Here is a C program that demonstrates converting wide character strings, with the results of running a Windows and an ix86 Linux machine.

```/* wchar_tests.c */

#include <stdio.h>
#include <stdlib.h>
#include <wchar.h>

int main(void)
{
size_t nchars, nbytes, i;
unsigned char *ptr;
char *mbstring;
wchar_t *wcstring;

/* Make and print a wide-character string  */
wcstring = L"abc";
wprintf(L"%ls\n", wcstring);

/* How long is it? */
nchars = wcslen(wcstring);
wprintf(L"%d characters\n", nchars);

/*How big is a wchar_t? */
wprintf(L"sizeof(wchar_t)=%d\n", sizeof(wchar_t));

/* Cast to array of bytes and print */
ptr = (unsigned char*)wcstring;
nbytes = nchars * sizeof(wchar_t);
wprintf(L"%d bytes\n", nbytes);
for (i = 0; i < nbytes; i++)
{
wprintf(L"%02X ", ptr[i]);
}
wprintf(L"\n");

/* Convert to multi-byte string */
nbytes = wcstombs(NULL, wcstring, 0);
wprintf(L"%d bytes in multi-byte string\n", nbytes);
mbstring = malloc(nbytes+1);
nbytes = wcstombs(mbstring, wcstring, nbytes+1);

/* Cast to array of bytes and print */
ptr = (unsigned char*)mbstring;
for (i = 0; i < nbytes; i++)
{
wprintf(L"%02X ", ptr[i]);
}
wprintf(L"\n");

free(mbstring);
return 0;
}
```

The output on Windows

```abc
3 characters
sizeof(wchar_t)=2
6 bytes
61 00 62 00 63 00
3 bytes in multi-byte string
61 62 63
```

The output on Linux

```abc
3 characters
sizeof(wchar_t)=4
12 bytes
61 00 00 00 62 00 00 00 63 00 00 00
3 bytes in multi-byte string
61 62 63
```

## Input to Encryption and Decryption Processes

The input to an encryption process must be 'binary' data, i.e. a `bit string'. We need to convert the text we want to encrypt into `binary' format first and then encrypt it. The results of encryption are always binary. Do not attempt to treat raw ciphertext as `text' or put it directly into a `String` type. Store ciphertext either as a raw binary file or convert it to base64 or hexadecimal format. You can safely put data in base64 or hexadecimal format in a `String`.

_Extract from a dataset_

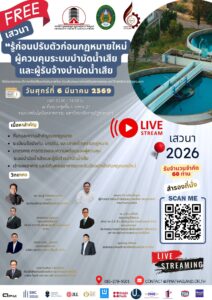 เรียนเชิญร่วมงาน เข้างานฟรี เสวนา “รู้ก่อนปรับตัวก่อนกฎหมายใหม่ ผู้ควบคุมระบบบำบัดน้ำเสีย และผู้รับจ…

When you decrypt, always start with binary data, decrypt to binary data, and then and only then, convert back to text, if that is what you are expecting. You can devise your own checks to make sure the decrypted ciphertext is what you expect before you do the final conversion.

On a US-English system set up for ANSI characters, you can probably get away with using a `String` type to carry out `binary' operations. We know, we have done it for years and a lot of code on this site still has residual mistakes in it. We spend a lot of time explaining to people why their code doesn't work properly on their Chinese/Japanese/Korean/Hebrew system.